— Work instructions —
Excluding pictures, retype the line with "045期 家 【狗马猪】 野 【兔龙猴】开 ??????? |" and each line that follows it to the end of the data below, word for word.

— Supplied records —

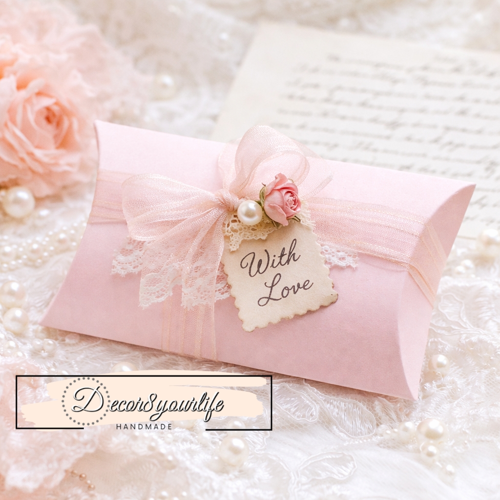There’s something so sweet about pastel pink packaging. These pillow boxes are one of my favorite ways to dress up small gifts, happy mail, and handmade surprises. I love tying them with lace, soft ribbons, and a simple tag, then filling them with chocolates, jewelry, mini soaps, or journaling ephemera. They also make the cutest pockets and tuck-ins for junk journals and scrapbooks.
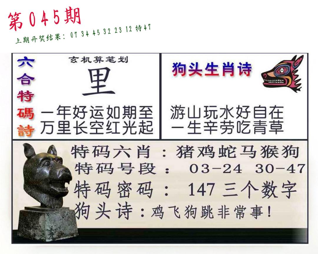 045期 家 【狗马猪】 野 【兔龙猴】开 ??????? |
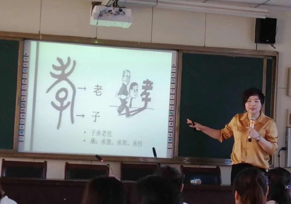 高伟以“孝”字为核心,从育人之道、教子有方、教学之悟等方面带领教师们反观内心。她先谈到了因亲以教爱,做人的根是“孝”,教师们要引导广大青少年从小养成孝敬父母、尊敬长辈的良好品质,帮助他们树立正确的世界观、人生观和价值观,把青少年培养成有孝、有仁、有义、有忠、有信、有文化的一代新人。随后,高伟谈了教之以义方。她说,作为教师,同时也作为家长,应该引导孩子做家务,培养孩子的生活技能、养成良好的生活习惯。
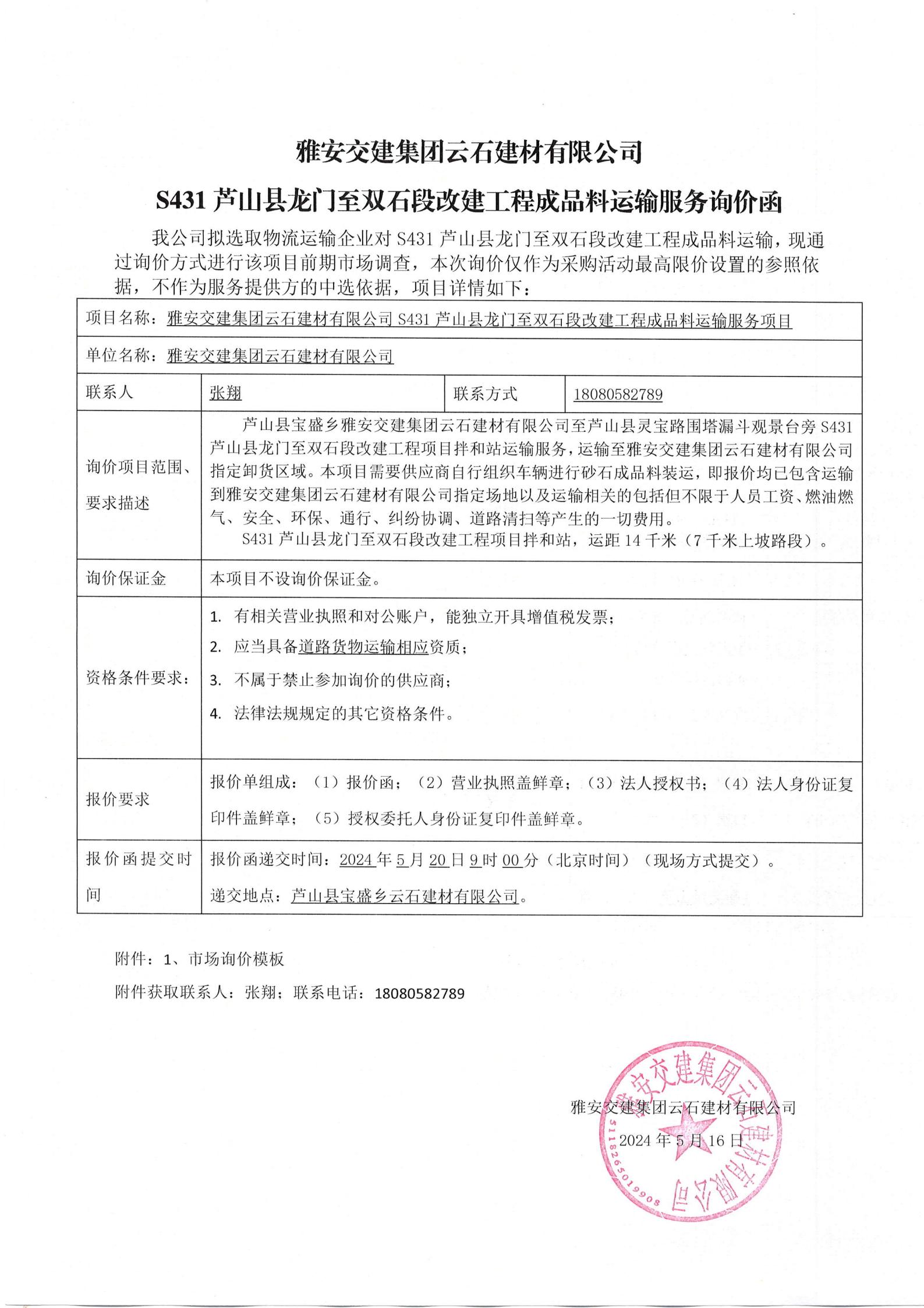 雅安交建集團(tuán)云石建材有限公司S431蘆山縣龍門至雙石段改建工程成品料運(yùn)輸服務(wù)項(xiàng)目詢價(jià)函
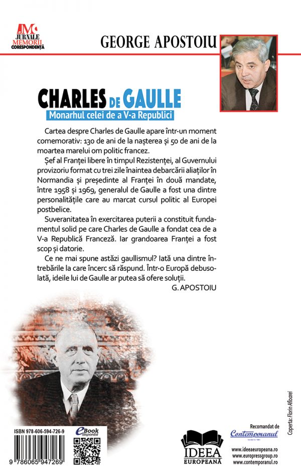 Cartea despre Charles de Gaulle apare într-un moment comemorativ: 130 de ani de la nașterea și 50 de ani de la moartea marelui om politic francez.
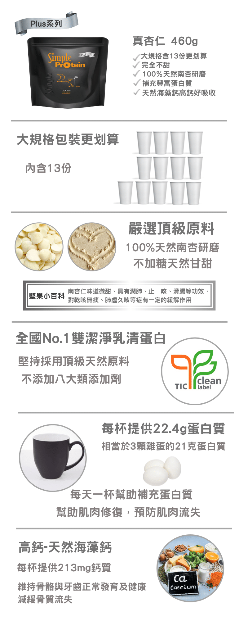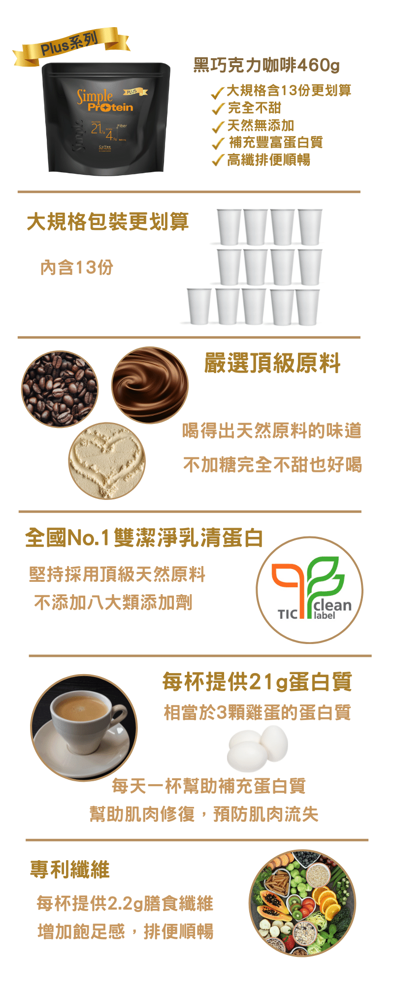 | 商品名稱 | 【Simple Protein】極簡乳清蛋白-PLUS高纖高鈣系列(超值袋裝)x3袋組|口味任選:高纖黑巧克力咖啡/高鈣真杏仁 |
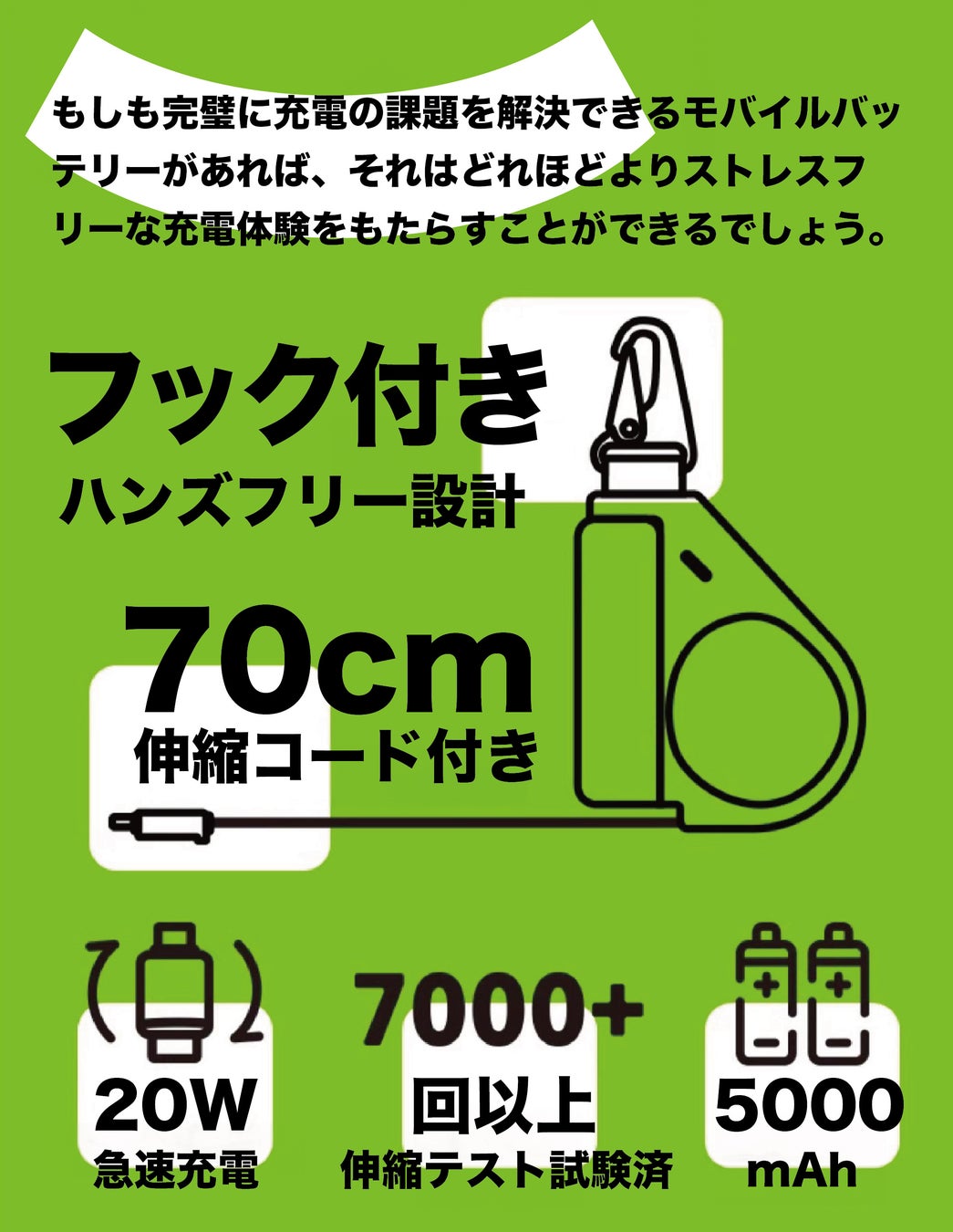 【5000mAh/最大20W急速充電/Lightning・USB-C両対応/最長70cm伸縮ケーブル】
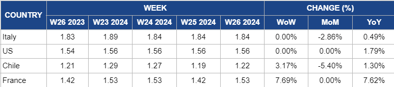 In W26, apple prices in Italy remained steady at USD 1.84 per kilogram (kg), unchanged from W24 prices, with a 2.86% month-on-month (MoM) decrease. This stability is due to balanced supply and demand during the off-season. Despite economic challenges and export restrictions to primary markets like India and Egypt, domestic sales have been consistent.

— Result —
 045期 家 【狗马猪】 野 【兔龙猴】开 ??????? |
 高伟以“孝”字为核心,从育人之道、教子有方、教学之悟等方面带领教师们反观内心。她先谈到了因亲以教爱,做人的根是“孝”,教师们要引导广大青少年从小养成孝敬父母、尊敬长辈的良好品质,帮助他们树立正确的世界观、人生观和价值观,把青少年培养成有孝、有仁、有义、有忠、有信、有文化的一代新人。随后,高伟谈了教之以义方。她说,作为教师,同时也作为家长,应该引导孩子做家务,培养孩子的生活技能、养成良好的生活习惯。
 雅安交建集團(tuán)云石建材有限公司S431蘆山縣龍門至雙石段改建工程成品料運(yùn)輸服務(wù)項(xiàng)目詢價(jià)函
 Cartea despre Charles de Gaulle apare într-un moment comemorativ: 130 de ani de la nașterea și 50 de ani de la moartea marelui om politic francez.
 | 商品名稱 | 【Simple Protein】極簡乳清蛋白-PLUS高纖高鈣系列(超值袋裝)x3袋組|口味任選:高纖黑巧克力咖啡/高鈣真杏仁 |
 【5000mAh/最大20W急速充電/Lightning・USB-C両対応/最長70cm伸縮ケーブル】
 In W26, apple prices in Italy remained steady at USD 1.84 per kilogram (kg), unchanged from W24 prices, with a 2.86% month-on-month (MoM) decrease. This stability is due to balanced supply and demand during the off-season. Despite economic challenges and export restrictions to primary markets like India and Egypt, domestic sales have been consistent.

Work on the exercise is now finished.